Attends !
C'était l'homme de tout à l'heure, celui aux yeux dorés.
Il ne pouvait pas être le marié, pas vrai ?
Les invités le regardèrent avec surprise et se mirent à chuchoter bruyamment à l'oreille des uns et des autres. Ils devaient s'attendre à ce que quelqu'un avec des cornes noires entre dans la pièce et non pas un grand homme à l'allure élégante.
Pas le moins du monde gêné par les chuchotements ou les regards, il se dirigea gracieusement vers mon père, faisant chaque pas avec assurance.
"Votre Majesté", dit-il en s'inclinant légèrement.
Je restai bouche bée. Les invités aussi. Personne ne s'inclinait légèrement devant le roi. Cet homme n'avait vraiment pas peur et il manquait de respect à mon père. J'eus déjà un mauvais pressentiment à son sujet. Non pas parce que je pensais que mon père méritait un quelconque respect, mais parce qu'il était déjà si audacieux dans ses actions.
Il dut remarquer les réactions des gens, c'était tellement évident, mais il ne sembla pas s'en soucier. Mon père, lui, ne réagit pas. Il fit juste des gestes dans ma direction.
Lorsque je le vis se tourner vers moi, je baissai rapidement les yeux, puis j'entendis le cliquetis de ses pas alors qu'il s'approchait avant de s'asseoir à l'autre bout de la table, face à moi.
Il ne prononça pas un mot. N'était-il pas censé me saluer ou au moins me dire son nom ? Je ne me rappelais pas que mon père me l'ait déjà dit, mais je ne croyais pas lui en avoir donné l'occasion non plus. Je m'étais disputée et j'avais pleuré le jour où mon père m'avait annoncé qu'il me marierait à un étranger, mais mon père était têtu et avait déjà pris sa décision.
"Aujourd'hui, je nous ai réunis pour célébrer le mariage de ma fille avec le prince de la Lamotte", dit père une fois que tout le monde fut assis. Il leva sa coupe de vin en or.
"Que la cérémonie commence, et amusez-vous bien", dit-il.
Les gens applaudirent pendant que des danseurs et des musiciens entrèrent dans la salle pour divertir les invités. Les gens semblèrent s'amuser. Bien sûr, je ne pus voir, car je dus garder le regard baissé, parce que 'c'était ce qu'une dame devait faire'. Eh bien, je détestais être une dame.

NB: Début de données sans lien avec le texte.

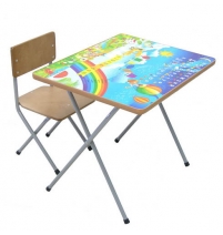 На ламинированную столешницу нанесено яркое детализированное изображение с таблицами и рисунками: технические новинки и веселые роботы порадуют любого современного ребенка.

"Vous n'aimez pas la musique ?" demanda-t-il enfin, rompant un silence gênant. Je jetai un coup d'œil à travers mes longs cils, mais une fois que j'eus plongé mon regard dans le sien, il me fut difficile de le détourner. Ils étaient captivants.
"Si, Votre Altesse", répondis-je.
"Qu'avez-vous prévu pour la cérémonie du thé ?"
Oh non ! La cérémonie du thé ! C'était la partie traditionnelle du mariage royal où la mariée devait montrer l'un de ses talents pour divertir les invités et impressionner le marié. Au diable l'impression. Je ne voulais impressionner personne, et surtout pas cet homme.
"C'est une surprise, Votre Altesse", dis-je en lui adressant un sourire de façade.
L'heure de la cérémonie du thé arriva rapidement. Je m'assis sur une chaise au milieu de la pièce, l'attention de tous étant dirigée vers moi. Les invités restèrent assis à savourer leur thé, tandis que je devais les divertir.
Je pris ma flûte, la posai légèrement sur mes lèvres et commençai à jouer. Très vite, ma nervosité disparut. J'aimais jouer de la flûte et j'aimais le son qu'elle produisait. En fermant les yeux, je laissai le son m'emmener loin, dans un endroit paisible. De temps en temps, j'entendais des gens me féliciter à travers ma brume, et ils m'applaudirent quand j'eus fini.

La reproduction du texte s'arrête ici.